◆ **Task objective**:
Set down each line of the data below exactly as it stands, dropping the pictures.

◆ **Available data**:
========================================================================

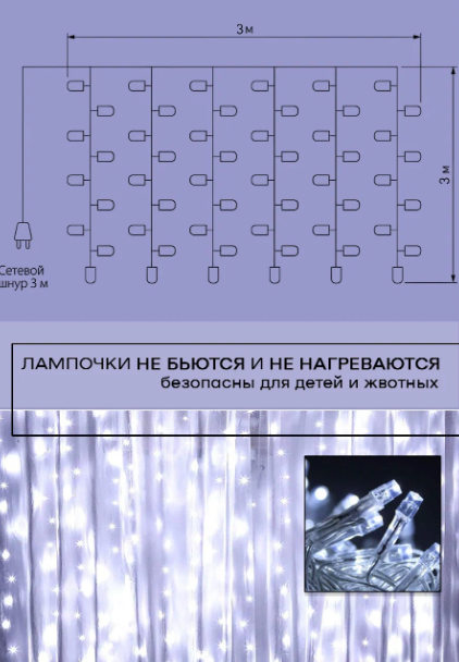 Гирлянда электрическая светодиодная 3х3 м. Белая / Гирлянда штора занавес новогодняя информация:
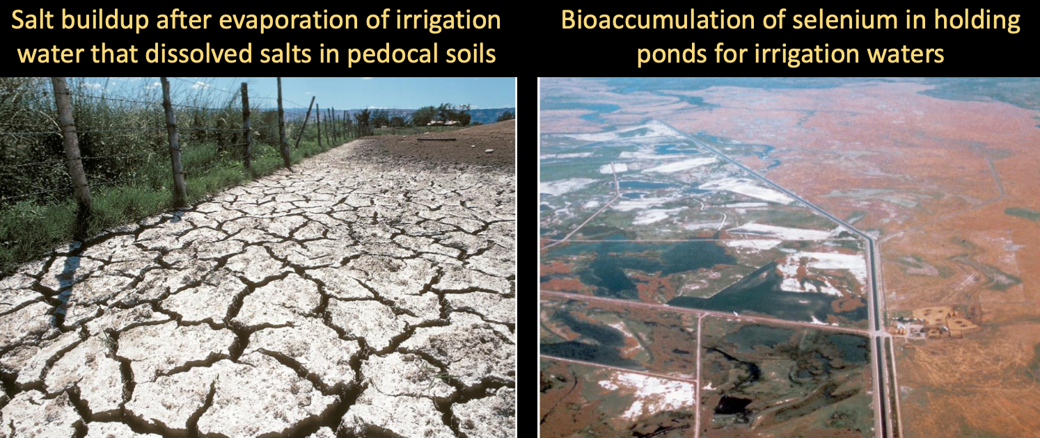 Irrigation runoff can redistribute soluble chemicals that become soluble
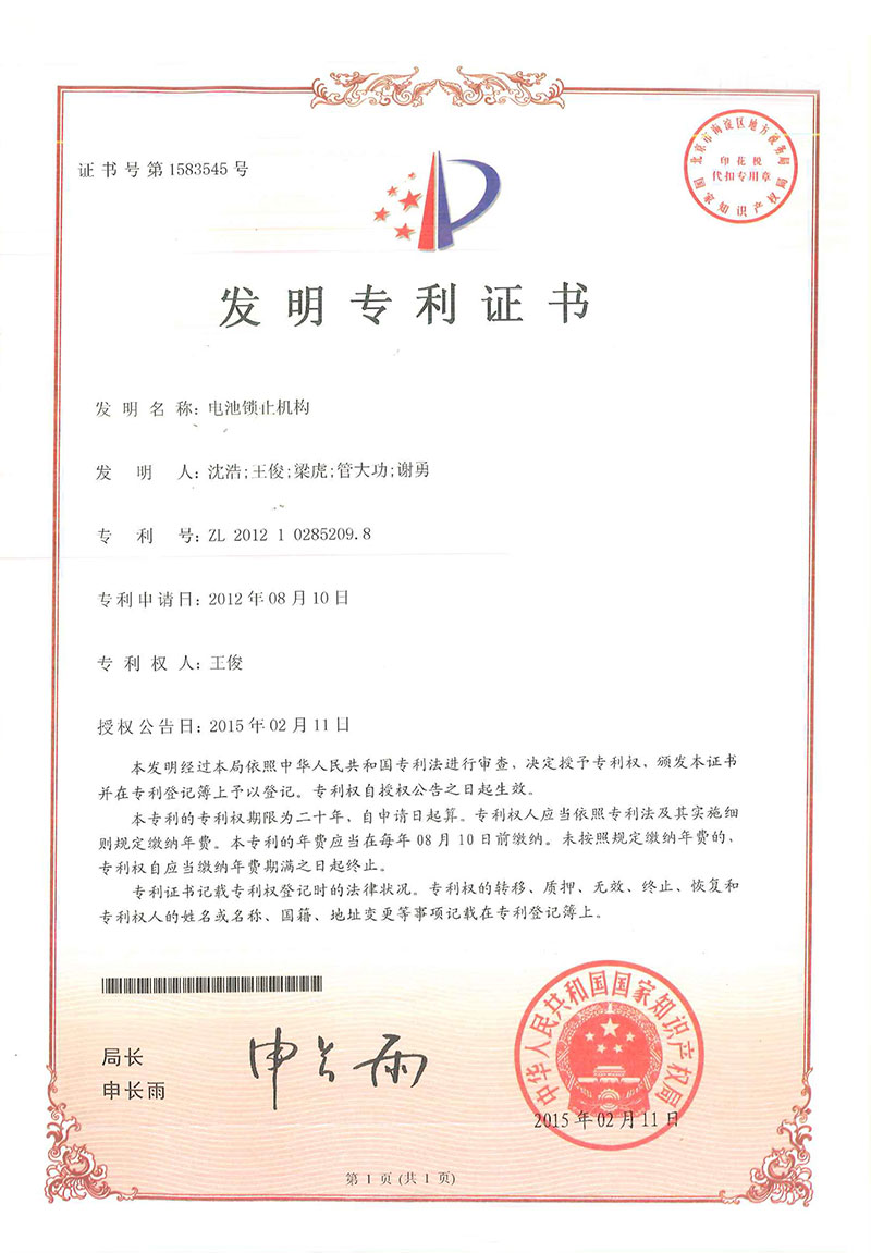 • 電池鎖止機(jī)構(gòu)-專(zhuān)利證書(shū)

========================================================================

◆ **Written response**:
 Гирлянда электрическая светодиодная 3х3 м. Белая / Гирлянда штора занавес новогодняя информация:
 Irrigation runoff can redistribute soluble chemicals that become soluble
 • 電池鎖止機(jī)構(gòu)-專(zhuān)利證書(shū)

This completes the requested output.